Nurettin Hoca yıllar sonra yazacağı bir metinde, ilk, orta ve lise tahsili yıllarındaki hissiyat ve tecrübelerine, o dönemlerde nesillerin, gençlerin yetiştirilme biçimlerine yer verecek, bu tecrübeleri "ferdiyet"i ve şahsiyeti tahrip eden, onu cemaatın/cemiyetin, siyasî tercihlerin mahkumu yapan unsurlar istikametinde, aynı zamanda İsyan Ahlâkının ve dindarlığın karşısında konumlandırarak anlatacaktır. Sultan Abdülhamit idaresinden Meşrutiyete, oradan Cumhuriyete devirler değişiyor ama siyasetin tabiatı ve kültürü değişmiyordu. Halbuki cemiyeti yapan cemiyet değil "fert"tir, "Ben"dir:
"Cemiyeti yapan ferttir; fert de kendi iç hayatının tarihinden ibarettir.

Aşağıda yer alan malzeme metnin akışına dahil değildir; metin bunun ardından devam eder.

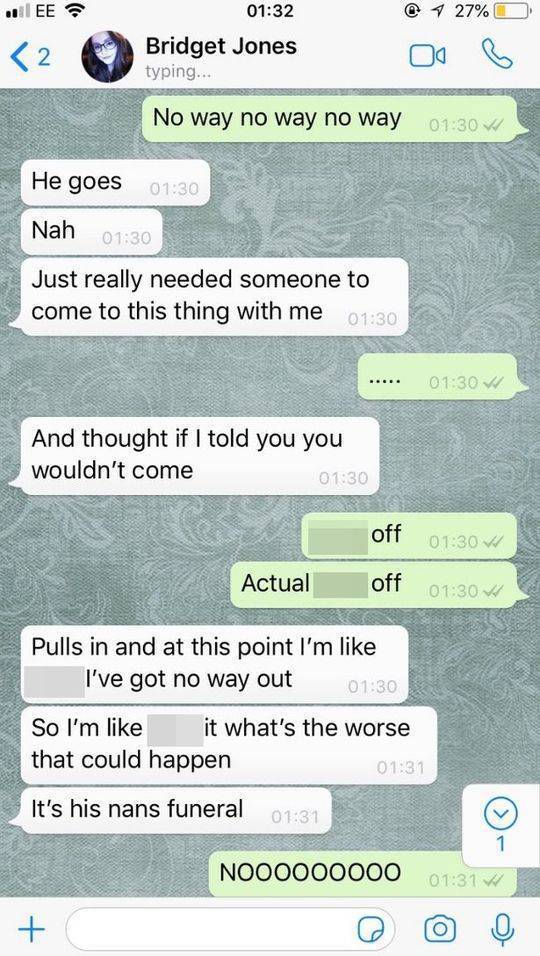 这名窘迫的女子和她的朋友分享了这个故事,她的朋友随后在社交媒体上分享了关于这次奇谭的聊天截屏。
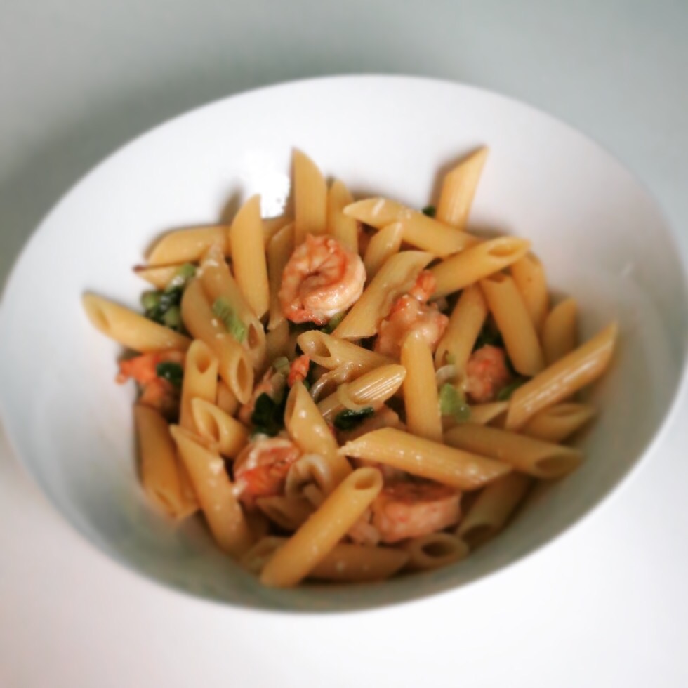Wenn die Zeit um ist, setzt ihr Salzwasser für die Pasta auf und kocht diese nach Packungsanleitung. Schneidet die Frühlingszwiebeln in Ringe. Während die Nudeln kochen, erhitzt ihr eine Pfanne auf dem Herd (ca. 2/3 der Hitze) und gebt den kompletten Tüteninhalt hinein. Bratet die Garnelen von beiden Seiten je circa zwei Minuten an – überkocht sie aber nicht (ich lese währenddessen den Knoblauch heraus, weil mir die Stückchen zu viel des Guten sind). Nach der Hälfte der Zeit gebt ihr die Frühlingszwiebeln hinzu und lasst sie kurz mitdünsten. Anschließend gebt ihr die abgegossene Pasta in die Pfanne und mischt sie gut mit den Garnelen. Serviert die Garnelen-Pfanne auf zwei Tellern und bestreut sie mit je einem Esslöffel geriebenem Parmesan. Wenn ihr schnell umrührt, solang die Nudeln noch heiß sind, schmilzt der Parmesan leicht – lecker!
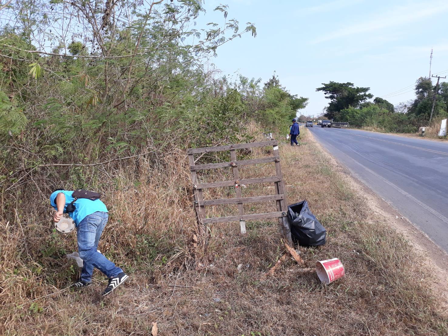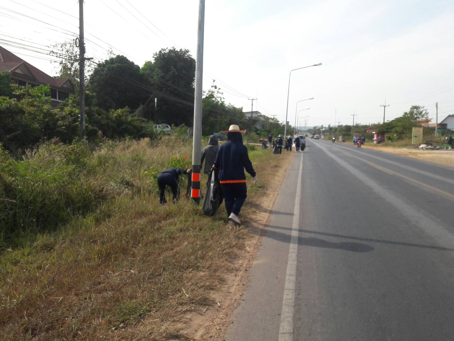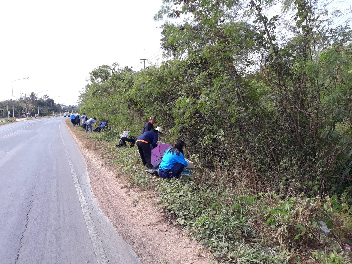 นายกองค์การบริหารส่วนตำบลน้ำเที่ยงพร้อมด้วยพนักงานร่วมกันเก็บขยะบริเวณถนนสายคำชะอี-กุฉินารายณ์ ตามแผนปฏิบัติการแยกก่อนทิ้ง 60 วัน
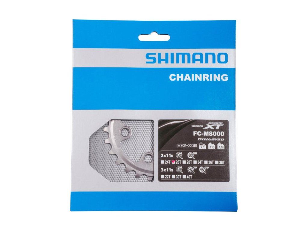 Kleinstes XT-Kettenblatt für Kurbeln FCM8000, 11 Rad, 26 Zähne. Kein Zähnetippen. Für ein Doppelkettenblatt.

Neslimizin bedbaht çocuklarının iç dünyası nasıl bir âlemdir? Bunu dünya psikologları birleşseler bilemezler. 'Padişahım çok yaşa!' ile gözlerimizi dünyaya açtık. 'Büyük yanında konuşulmaz' dediler. 'Büyüklerimiz çehar yâr-ı güzîn [dört halife; Hz. Peygamber'in dört seçkin dostu] ile İmamı Âzam'dır, ahirette onların yanında bulunmak saadettir' diye öğrettiler. Çalışkan ve namuslu olmayı hayat hikmeti olarak tanıttılar.
Biraz zaman geçti. 'Yaşasın hürriyet, meşrutiyet!' sesleriyle uyandık. 'Bağırın ve alkışlayın', dediler, 'babalarınızın eksiği çoktu, siz memleketi kurtaracaksınız... Büyükleriniz Enver ve Niyazi'dir. Ahiretten ziyade dünyaya çalışmalıdır!..'
En büyük hakikatin Avrupa'ya benzemek olduğunu telkin ettiler.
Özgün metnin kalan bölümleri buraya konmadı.